Uncertainty

Previously we've used logic to represent facts and used planning algorithms to identify desirable actions. Now we reevaluate this approach by introducing uncertain information.

Probability theory provides the basis for our treatment of systems that reason under uncertainty. Also, because actions are no longer certain to achieve goals, agents will need ways of weighing up the desirability of goals and the likelihood of achieving them. For this, we use utility theory. Probability theory and utility theory together constitute decision theory, which allows us to build rational agents for uncertain worlds.

Uncertainty can also arise because of incompleteness and incorrectness in the agent's understanding of the properties of the environment.

Uncertainty Example

Let action A(t)= leave for airport t minutes before flight

Will A(t) get me there on time? Problems:

  • partial observability, noisy sensors
  • uncertainty in action outcomes (flat tire, etc.)
  • immense complexity of modelling and predicting traffic

Hence a purely logical approach either

  1. risks falsehood: “A(25) will get me there on time”, or
  2. leads to conclusions that are too weak for decision making:

“A(25) will get me there on time if there’s no accident on the bridge and it doesn’t rain and my tires remain intact etc etc.”
(A(1440) might be safe but I’d have to stay overnight in the airport …)

Other plans, such as A(50), might increase the agent's belief that it will get to the airport on time, but also increase the likelihood of a long wait.

Methods for Handling Uncertainty

Default/Non-monotonic Logic

Make assumptions - e.g. A(i) works unless contradicted by evidence
The issue is what assumptions are reasonable, and how do we handle contradictions.

Probability

Use the 1565 theory of Gambling to work out the probability of A(i) being correct, given the available evidence.

Using first order logic fails to cope in uncertain situations because:

  • Laziness: failure to enumerate exceptions, qualifications, etc. (e.g. don't write down all symptoms of a disease)
  • Theoretical Ignorance: lack of knowledge about environment at all (e.g. know nothing about a disease)
  • Practical Ignorance: lack of relevant facts, initial conditions, etc. (e.g. don't know the patient's specific results for a test).

Probability allows us to summarise the uncertainty that comes from laziness and ignorance.
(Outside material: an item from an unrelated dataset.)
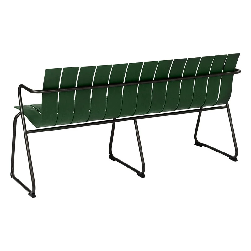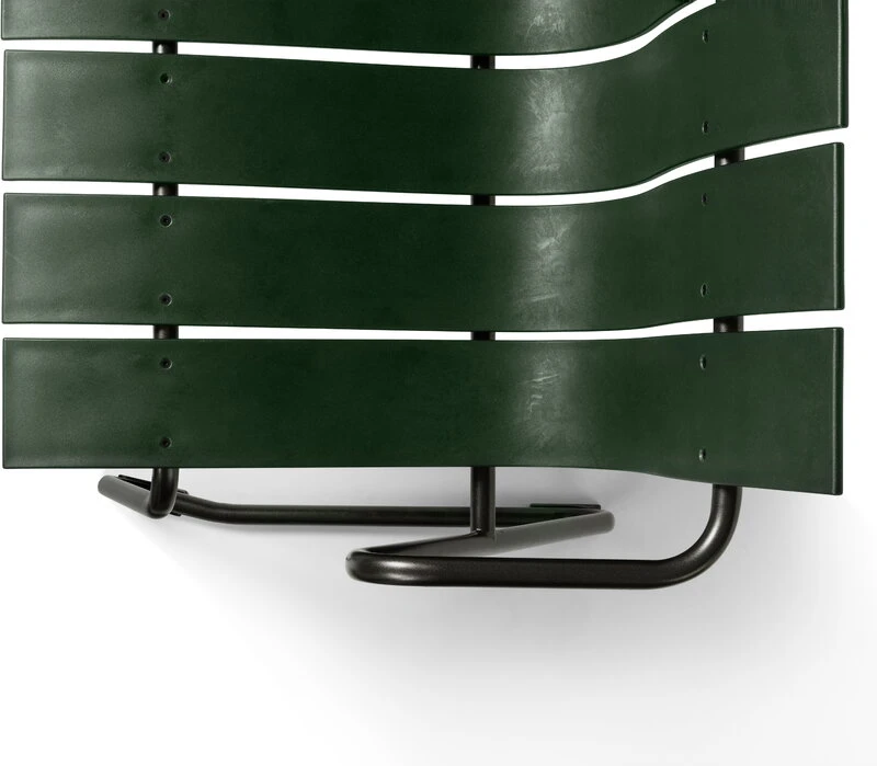 The Ocean OC2 bench by Danish brand Mater is a part of its award-winning Ocean collection – a reinterpretation of the outdoor furniture range designed by Nanna & Jørgen Ditzel in 1955. Besides the exceptionally harmonious form, the materials also make the Ocean OC2 range very unique: the collection has been made using recycled plastic beer kegs in collaboration with Danish beer manufacturer Carlsberg. The seats and tabletops are formed by strong plastic slats, featuring the familiar dark green hue, and the airy design is complemented by a metal frame with a gunmetal finish. All the components are recyclable.

What is the 'right' thing to do?

The right thing to do, the rational decision, depends on both the relative importance of various goals and the likelihood that they will be achieved (and to what degree).

e.g. depends on preferences for missing flights vs long waits.

Utility theory is used to represent and infer preferences
Decision theory = utility theory + probability theory

Subjective/Bayesian Probability

These probabilities relate propositions to one’s own state of knowledge. These are not claims of a “probabilistic tendency” in the current situation (but might be learned from past experience of similar situations). Probabilities of propositions change with new evidence:
e.g.

  • P(A(25)|no reported accidents) = 0.06
  • P(A25|no reported accidents, 5 a.m.) = 0.15

Probability Basics

Start with a set S - the sample space (e.g. [1,2,3,4,5,6] = the 6 possible rolls of a die).

$s \in S$ is a sample point/possible world/atomic event.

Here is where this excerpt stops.